Bacterial culture and identification
Swabs were inoculated on to Blood agar, MacConkey agar and Mannitol salt agar (Oxoid Ltd, UK). The inoculated plates were incubated at 37°C for 24 hours. The inoculated plates were inspected after 24 hrs of incubation and bacterial isolates from culture-positive plates were identified at the species level by their colony morphology, gram-staining and biochemical characteristics (catalase, coagulase, urease, indole, oxidase, citrate utilization, glucose and lactose fermentation, gas and hydrogen sulfide production) .
Antimicrobial susceptibility testing
Antimicrobial susceptibility testing was performed using modified Kirby-Bauer disk diffusion according to the Clinical and Laboratory Standards Institute (CLSI), guideline .Bacterial isolates were tested for commonly used antibiotics including: amoxicillin-clavulanic acid (AMC, 30mcg), ampicillin (AMP, 10mcg), ceftriaxone (CTR, 30mcg), ciprofloxacin (CIP, 5mcg), chloramphenicol (C, 30mcg), gentamicin (GEN, 10mcg) and tetracycline (TE, 30mcg), cefoxitin (CX, 30mcg), erythromycin (E, 15mcg), penicillin G (P, 10units), amikacin (AK, 30mcg), cefotaxime (CTX, 30mcg), nalidixic acid (NA, 30mcg) (HIMEDIA, Company).
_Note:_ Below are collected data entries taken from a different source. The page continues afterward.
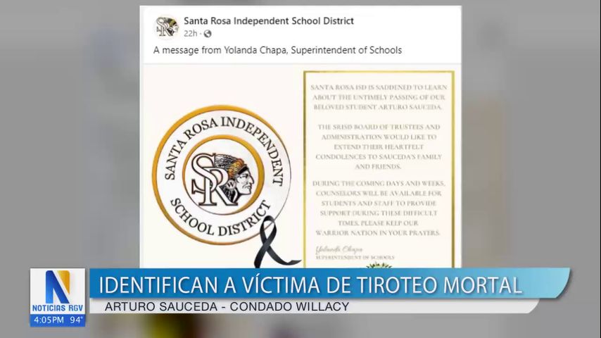 A través de una publicación en Facebook, Santa Rosa ISD identificó al estudiante como Arturo Sauceda.
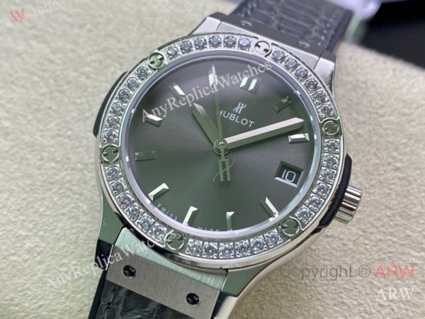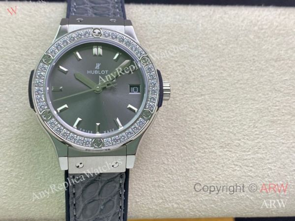 High Quality Replica HUBLOT Classic Fusion Gray Crocodile Leather Strap Satin Finish Face Dial Stainless Steel With Diamond-Inlaid Bezel Case Watch 33mm
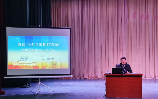 邀请国务院学位委员会委员、教育部艺术硕士专业指导委员会委员、戏剧影视专业委员会召集人、北京电影学院原校长、博士生导师张会军教授在小剧场举行题目为“漫谈当代电影创作发展趋势与影视专业学习的转型升级”的学术讲座。此次活动由学院杨尚鸿副院长主持,学院部分教师,2018、2019级全体本科生,2019、2020级全体研究生到场听取了学术讲座。
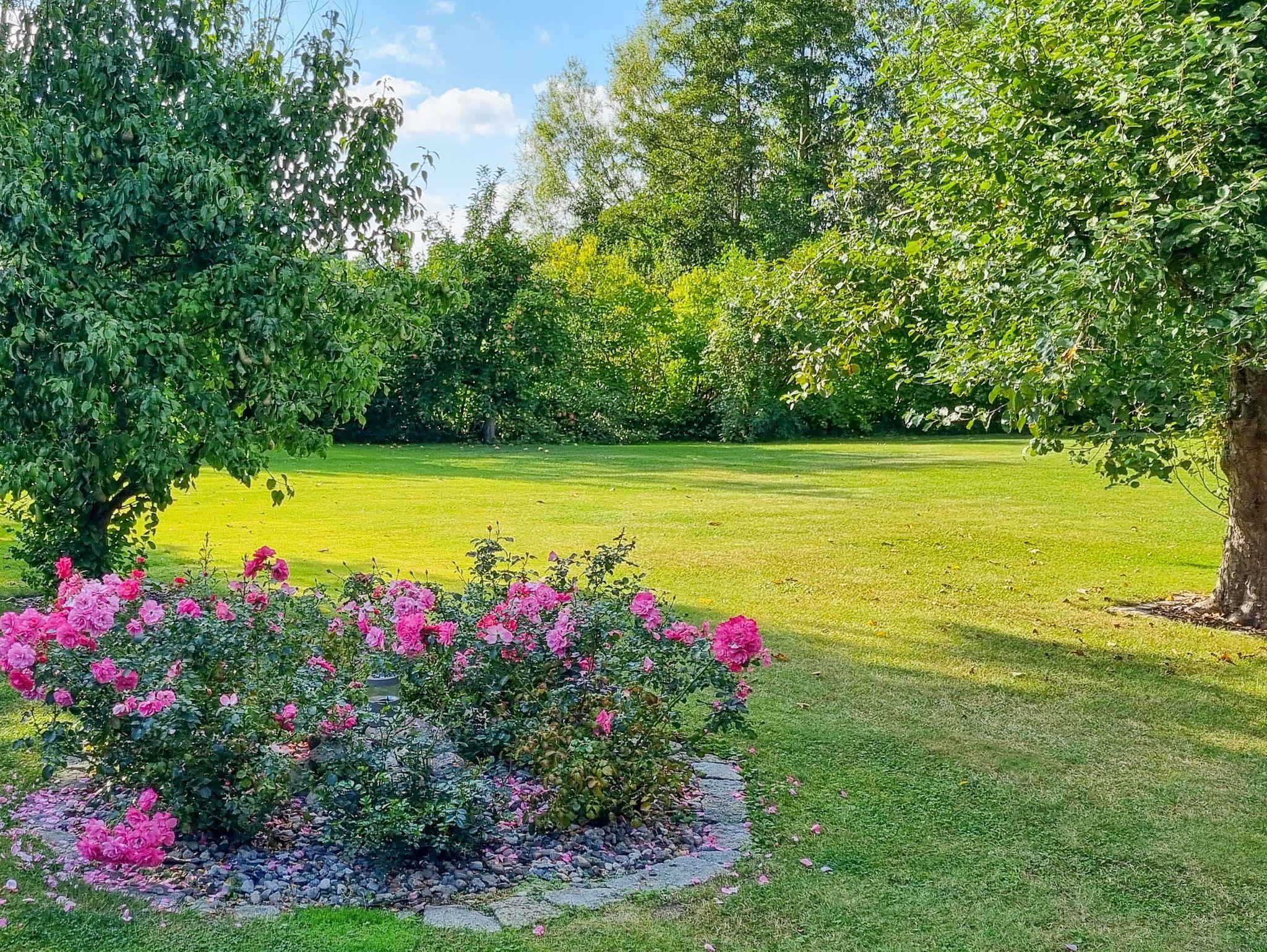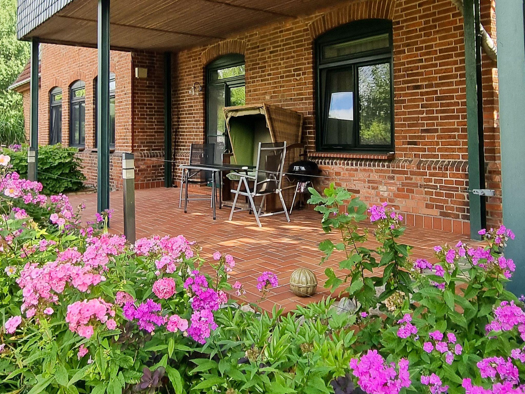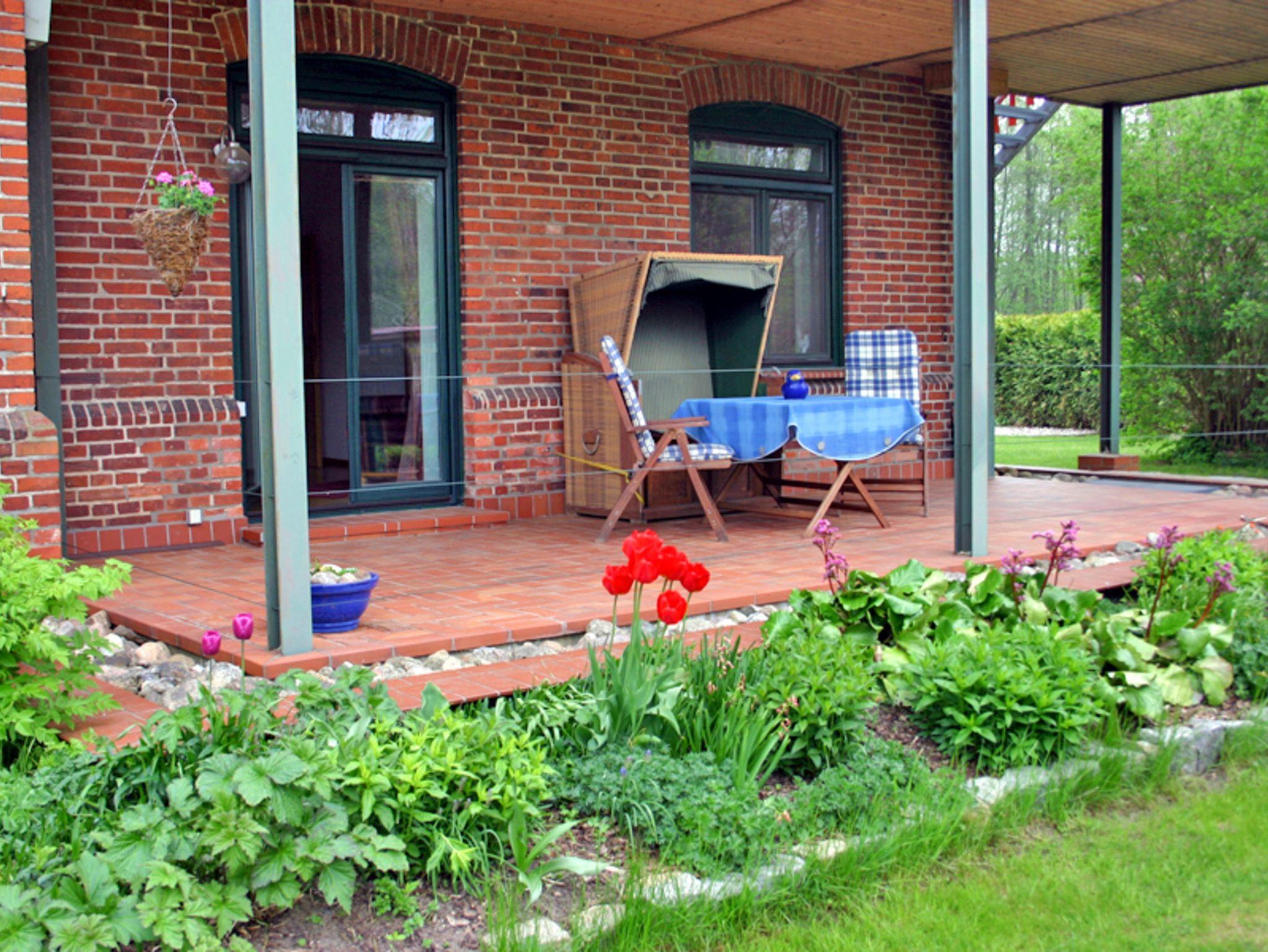 Von der Terrasse hat man einen schönen Ausblick in den Garten. Sie ist sehr schön groß und ist mit einem Strandkorb und Holzmöbel sowie einem Grill ausgestattet.
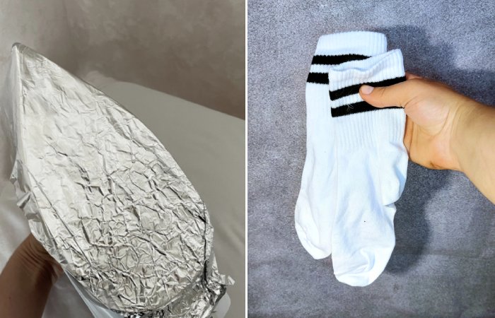 Просто сбрызнете носки лаком для волос. После чего просушите их феном. Такое действие позволит образоваться на поверхности ткани защитному слою. Он будет защищать носки от прилипания грязи, и они долгое время останутся белоснежными.
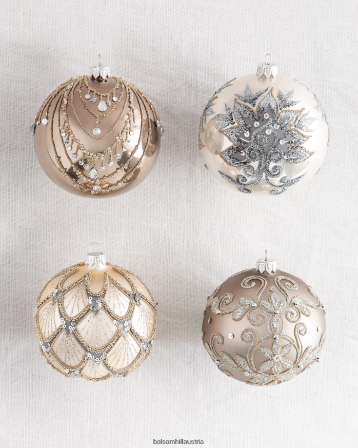 - Elfenbeinfarbene und silberverzierte Glaskugelornamente, 4er-Set
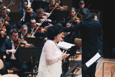 Ildikó Komlósi (als Amme) und das Rundfunk-Sinfonieorchester Berlin unter Vladimir Jurowski bei der konzertanten Aufführung von Straiuss´ Die Frau ohne Schatten zum MUSIKFEST BERLIN 2019 | Foto (C) Monika Karczmarczyk

Data were entered into Microsoft Excel. Data were imported and analyzed using Statistical Package for Social Sciences (SPSS) software version 21.0. Descriptive statistics were computed and results were summarized by using tables.
Aseptic techniques were used in all the steps of specimen collection and inoculation to minimize contamination. Specimens were collected in the presence of sprit lamp to prevent bacterial contamination from air. Reagents and antimicrobial discs were checked for expiry date. Sterility of culture media was carried out by incubating 5% of the prepared media prior to inoculation. Escherichia coli (ATCC 25922), Staphylococcus aureus (ATCC 25923) and Pseudomonas aeruginosa (ATCC 27853) reference strains were used to control the performance of culture media and antibiotic discs. All results were checked accuracy and cleaned after entering to SPSS.
Non-critical medical equipment: is equipment used for the diagnosis and management of the patient in ICU such as Sphygmomanometer, stethoscope, and thermometer.
The inanimate surface is a surface of the material used in ICU during providing patient care such as bedside tables, mattress, computers, and computer standing tables.